Sunday, September 04, 2016


JIM: THE JAMES FOLEY STORY is a moving and competently made documentary about the journalist captured in Syria and executed by ISIS - the first American victim of the terrorist group.  The strength of the film is to take us into the emotional landscape of his family for two hours so that when we finally get the moment of his death - now so iconic - we really feel the tragedy of losing a good and beloved man.  The emotional punch in undeniable.  The downside of focussing so much on his wonderful family is that we almost become too reverential of James and too narrow in our focus.  Questions of naivety and poor decision making are picked up but quickly brushed off.  And the thorny issue of why some governments choose to successfully negotiate for their captives release and others do not - allegations of a lack of US governmental support - are not properly investigated.  In other words, this is a great documentary if you want to get to know James Foley - and it's worthwhile just on that basis - but it's not totally satisfying.

The Jim that we meet is a good boy from a lovely middle class Catholic family from New Hampshire.
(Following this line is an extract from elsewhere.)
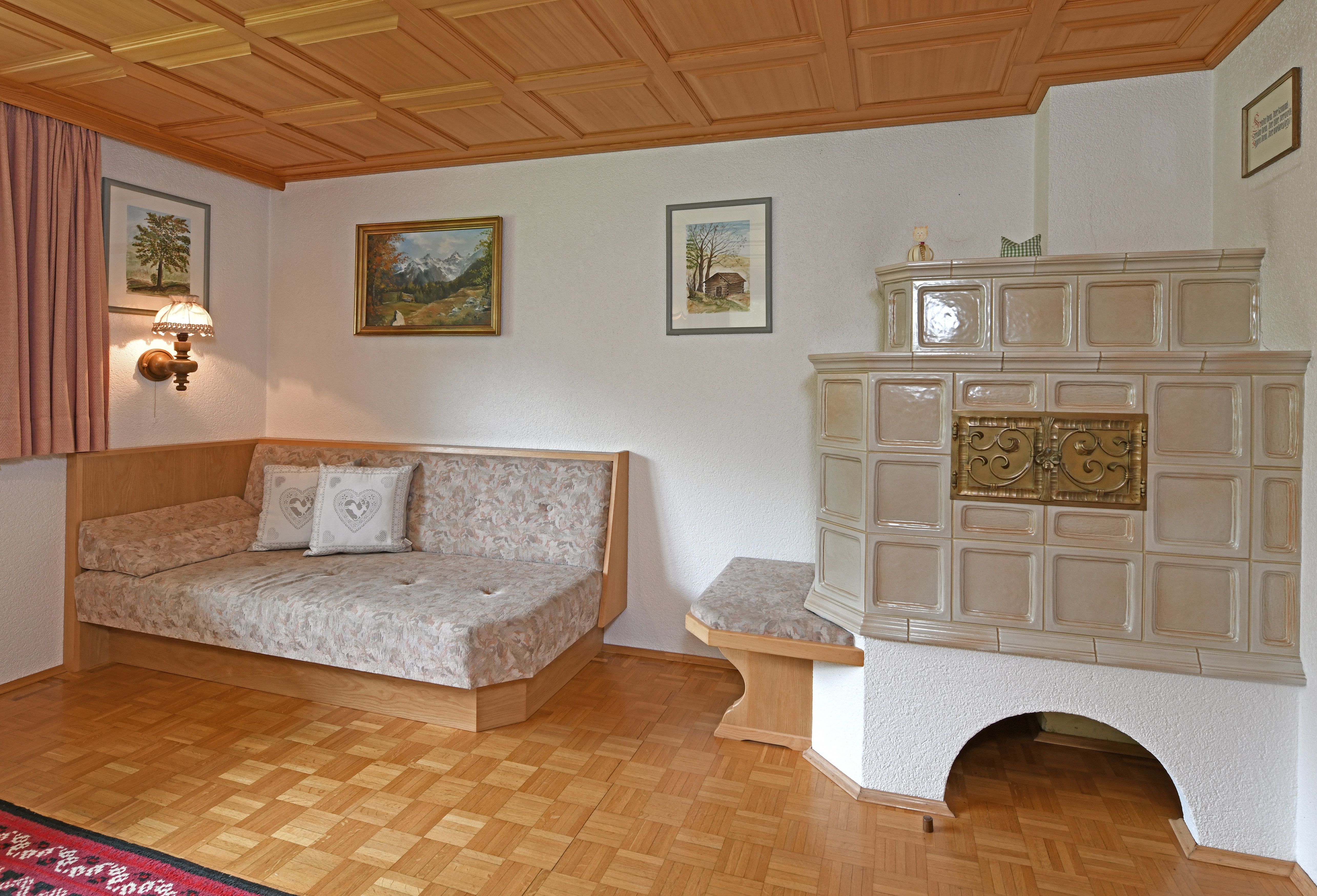 Wohnzimmer mit Kachelofen.

He's educated at a Jesuit university and decides to pursue a career in journalism by way of being a teacher.  His life choices are looked upon as odd and unconventional by his siblings but they support him anyway.  Jim becomes a journalist when conventional news desks have been wound down by most newspapers. He's a freelancer.  And a question I wondered about but which the documentary didn't tackle is whether this new cheaper business model raises the danger level for journalists. How far would James, if trained by, say, the BBC have made different decisions, or his family have been better supported, or the government more ready to act?  I got the feeling that there's a whole generation of vocational war reporters that we're hanging out to dry.  But as I said, that's not covered here.
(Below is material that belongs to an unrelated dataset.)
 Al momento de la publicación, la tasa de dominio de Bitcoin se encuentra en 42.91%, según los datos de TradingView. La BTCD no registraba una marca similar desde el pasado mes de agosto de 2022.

We see James go to Libya, thriving on the adrenaline of getting to the front-line, but captured and imprisoned by Gaddafi's men.  He's released 44 days later and goes home. He's offered an editorial post but has itchy feet.  As many of his colleagues say, the itch to cover warzones has to be scratched. They choose to do what they do because they think it's important to get the story out. And thank god they do despite the considerable personal danger. So he goes to Syria and is abducted by ISIS and held in custody for over a year with a mix of other journalists who become his new family.  The director of the documentary chooses to depict this with subtle re-enactments which are hugely effective at enhancing the narrative told by his fellow inmates, all of whom survived because their governments negotiated with them. It's in the final half hour that the emotional toll on James' family is the most visible and awful, and the context of of his death most harrowing.  When we finally see him kneeling down in an orange jump suit he isn't an abstract victim of justice, but has been restored to a real man - flawed but kind and brave - trying his best to be strong - and the power is unmistakeable. 
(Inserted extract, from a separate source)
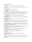 Literary Terms to Know 1. Inner Voice - what you say or think to yourself as you internally interpret the story or play 2. Genre - French word for the “category” or “type” of literature, defined by style, content and form.(ex: novel, short story, poem) 3. (a) Autobiography - Writer’s story of his/her own life. 4. (b) Biography - The writer’s story or account of some other person’s life. 5. (c) Poetry - Writing that is imaginative and emotional, written with words that are vivid and colorful. These words are then arranged so that they have pleasing sound and rhythm; e.g., sonnets, limericks, free verse, etc.) 6. (d) Myth - Story that tries to explain a belief, especially a belief having to do with nature, life or religion. 7. (e) Realistic Fiction - A contrived story which could really happen or have happened. 8. *Contemporary Fiction - Though the story is made up, is seems like something that could happen now, using a modern setting. 9. *Historical Fiction - Though the story is made up, it seems like something that could have really happened in the past, ( earlier times ) 10. (f) Mystery - same components of other realistic fiction, but with a vital change of emphasis: everything in the story revolves around a puzzle, or an unusual problem to solve (has a question to be answered or secret to be uncovered) 11. (g) Science Fiction - major events might really happen, based on scientific facts that we know to be true; usually in the near or distant future on Earth or another location that real scientists theorize may exist. (about worlds that could be, somewhere out there) 12. (h) Fantasy - major events could not happen, according to science as we know it today, usually right now in either a real or imaginary place. Magic or impossible strategies are used to solve a problem; e.g., sorcerers, dragons, etc. 13. (i) Folktale - story or legend forming part of an oral tradition made up of recorded legends, fairy tales, pourquoi (why-it- happened) tales, fables (moral stories), and trickster tales 14. (j) Short story - A brief work of fiction that contains all the basic literary elements. 15. Non-fiction - A work based on fact. 16. General non-fiction - A work based on fact other than a biography or autobiography; e.g., Geography, Science, Technology 17. Fiction - A literary work whose content is produced by the imagination and is not necessarily based on fact 18. Glossary - a collection of terms with definitins, limited to a special area of knowledge or usage ( a one subject dictionary) 19. Bibliography - an alphaetic listing of sources of information about a specific subject 20. Prose - Ordinary non-poetic writing 21. Novel - A book-length prose story. It is fictional, which means it is made up or created by the author’s imagination. 22. Episode - a part of a story that is a story in itself; an incident that is complete and makes sense on its own 23. Trilogy - a series or group of three plays, novels, operas, etc., that although individually complete are closely related in theme sequence or the like 24. Author’s Purpose - their reason for creating a work, to explain, inform, entertain, persuade or reveal an important truth 25. Book Review - a formal, critical examination of a work of fiction ( examining literary devices) or nonfiction (examining factual data clearness, originality, etc.) 26. Book Jacket - a dust cover for a book, includes title and author on front, author’s picture and/or positive comments from reviewers and/or a synopsis 27. Blurb - a synopsis found on the front flap of a book previewing its contents BASIC PARTS OF A SHORT STORY OR NOVEL 28. Prologue - a preface or introduction to the story, the author’s setting forth of the meaning or purpose 29. Setting - time and place in which the action of a story takes place 30. Plot - a sequence of related events that make up the story 31. Chronology - an arrangement of events in the order of their occurrence 32. Conflict - major struggle between characters or between opposing forces (problem to be overcome) 33. (a) External - the main character struggles with another person or with an outside force, like the sea [problems over which the character has no control, e.g. acts of God] (1) man vrs. man (2) man vrs. nature (3) man vrs. society (4) man vrs. fate 34.(b) Internal - a self imposed challenge; the main character struggles with opposing ideas or feelings within his or her own mind; usually involves decision making (ex: divorce, suicide, isolation] (5) man vrs. himself 35. Exposition - the first part of a plot that explains, informs, or presents information; where the author establishes the setting, introduces the main characters and the basic situation 36. Rising Action - events from a story preceding the climax where various problems arise; the explanation and complications that lead to the climax 37. Climax - high point of interest or suspense and action in the story. 38. Turning Point - the exact point where the main character(s) faces a huge decision and when tensions are usually high 39. Falling Action - part of the story which follows the climax and leads to the resolution 40. Resolution - the end of the central story or play; a satisfying conclusion to the story (opened or closed) 41. Epilogue - an afterward or concluding section usually about the future of the characters 42. Theme - the underlying meaning of the story; the central idea or the purpose of the story; a universal truth 43. Characters - who is/are in the story; person, animal or an imaginary creature that takes part in the action of the story 44. Characterization - the act of creating & developing a character; reveals characters personalities or quirks (1) through description (2) through interaction with other characters (3) through dialogue (conversations) 45. Protagonist - a main character of the story (often the hero) 46. Antagonist - character or force in direct conflict with the protagonist 47. Motivation - why characters behave in a cer

This film is, then, a fitting tribute to a good man and his lovely family, and makes an important point about not taking foreign reporting for granted.  Someone has to be there, and when the internet kills advertising revenue and mainstream news organisations draw in their horns, it's going to be young, relatively alone freelancers like Jim.  I have a newfound respect for their courage and mission.

JIM: THE JAMES FOLEY STORY has a running time of 111 minutes and is rated 15 for strong language, images of real dead bodies and real injury detail. The movie won the Audience Award - Documentary at Sundance 2016.  The movie had its TV premiere in the USA earlier this year and is currently on release in cinemas and on demand in the UK.